I learned programming because that is what you did with computers when I was a child. I kept learning programming because I could make the computer do new and interesting things. The problem now is that computers do amazing things without any programming and it requires massive experience and effort to achieve equally impressive results. So we must create a simpler environment which lets the child feel good about creating and understanding something more straightforward. It should be a path to real programming, not another island in a chain.

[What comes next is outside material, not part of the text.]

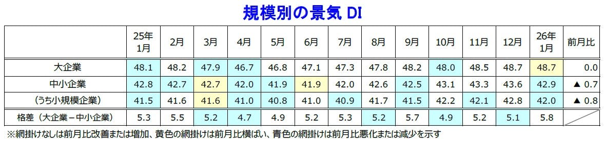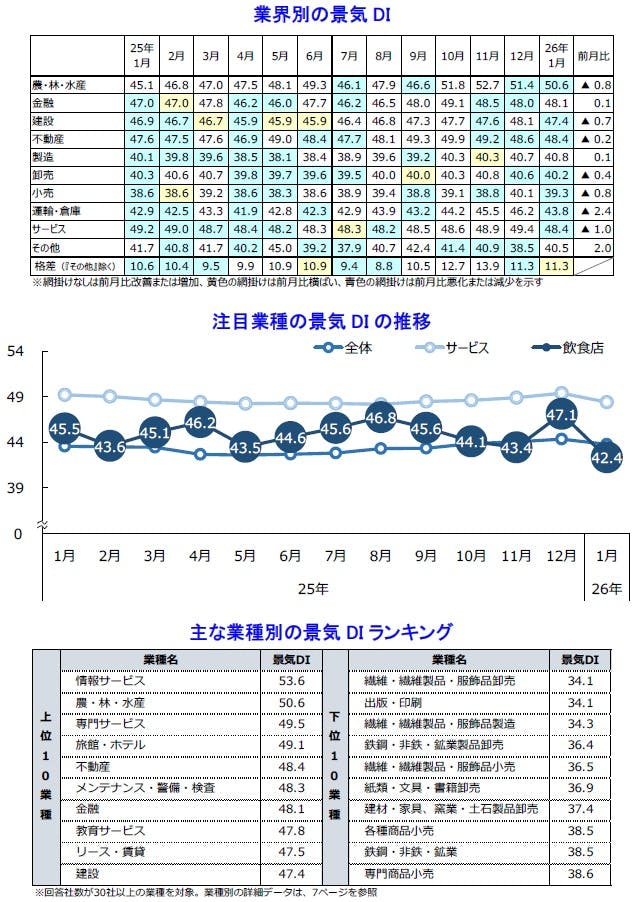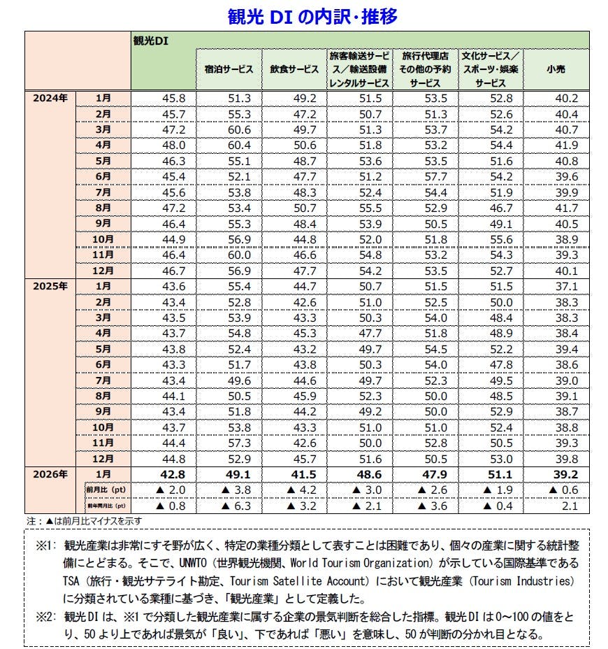 2026年1月の景気DIは前月比0.6ポイント減の43.8となり、8カ月ぶりに悪化した。国内景気は、年末商戦や旅行需要の反動が表れ、改善基調のなかでいったん足踏みとなった。

My son still hadn’t done much real text-based programming other than some playing with processing.org inside the IDE (which I also recommend) and some Python in CodeCombat. He had previously played a bit with Scratch and Lego Wedo, Hour of Code, Open Roberta (really good if you have the Lego Mindstorms education kit) and Tynker. He’s also done some Lego Mindstorms, but I think that’s an awful programming experience, at least with the non-education kit.

I’ve chosen Java, reluctantly, because I am familiar with it, it’s forgiving and convenient enough, and its language constructs (for loops, functions, etc) are enough like other C-like languages that the experience should be generally transferable. It’s far from ideal, but processing.org helps a little.

I love C++, but it’s clearly not suitable as a first text-based programming language. Neither is C, though I can imagine us trying that sometime. I think Python and Go are worth considering, but Python’s loose type system frustrates me personally and Go doesn’t seem quite mainstream enough.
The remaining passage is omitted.